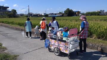 田んぼ道を保育園児がさんぽ
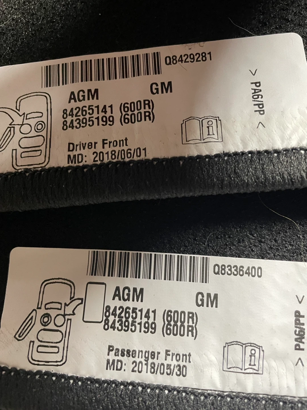 These mats are for the driver front, passenger front, and second row. The manufacturing date on the labels is June 01, 2018 and May 30, 2018
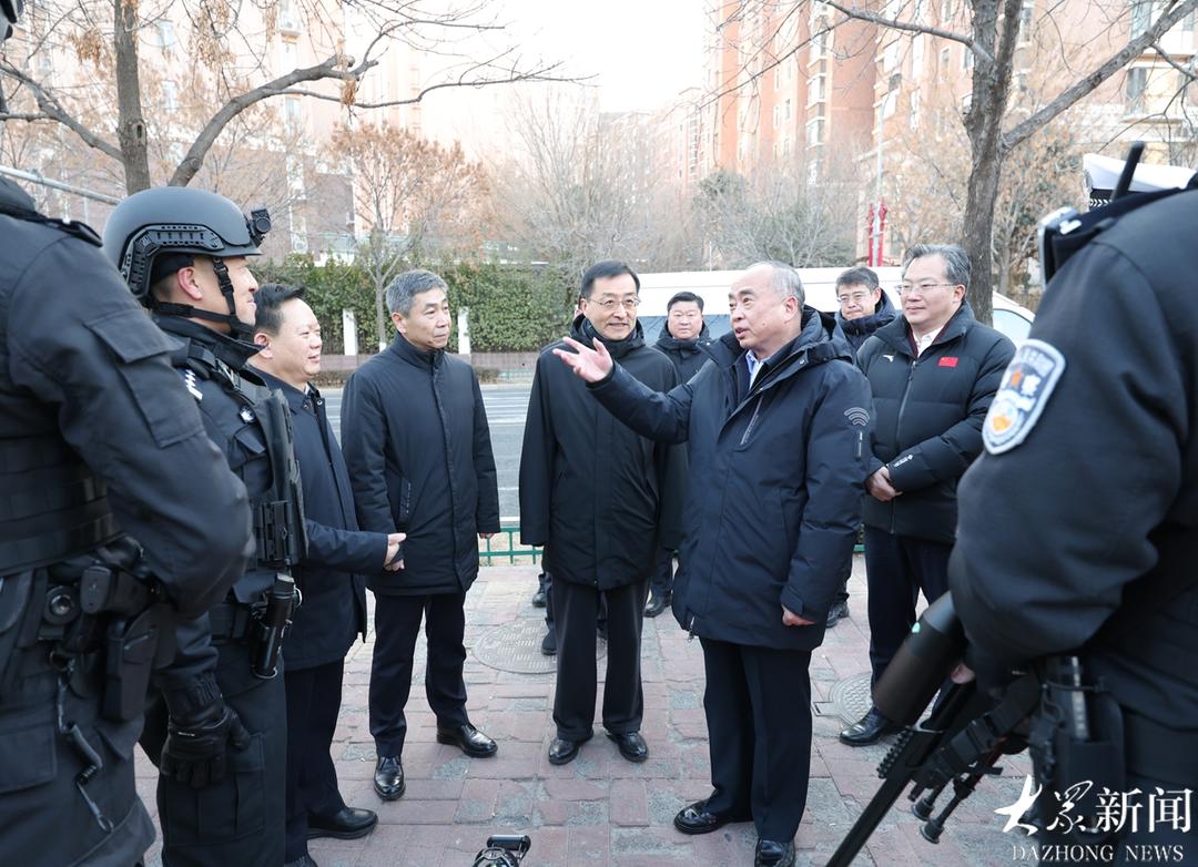 林武来到历下区旅游路与浆水泉路路口,看望慰问执勤交警和特巡警(民警)重装突击小队,察看新式警用装备,向他们并向全省公安民警辅警致以节日问候。希望大家不辞辛劳、坚守岗位,保障群众出行安全,维护良好社会秩序,为人民群众平安过节和经济社会发展保驾护航。

——

Print the full listing above again with exact wording and no images.

Solved exercise –
 田んぼ道を保育園児がさんぽ
 These mats are for the driver front, passenger front, and second row. The manufacturing date on the labels is June 01, 2018 and May 30, 2018
 林武来到历下区旅游路与浆水泉路路口,看望慰问执勤交警和特巡警(民警)重装突击小队,察看新式警用装备,向他们并向全省公安民警辅警致以节日问候。希望大家不辞辛劳、坚守岗位,保障群众出行安全,维护良好社会秩序,为人民群众平安过节和经济社会发展保驾护航。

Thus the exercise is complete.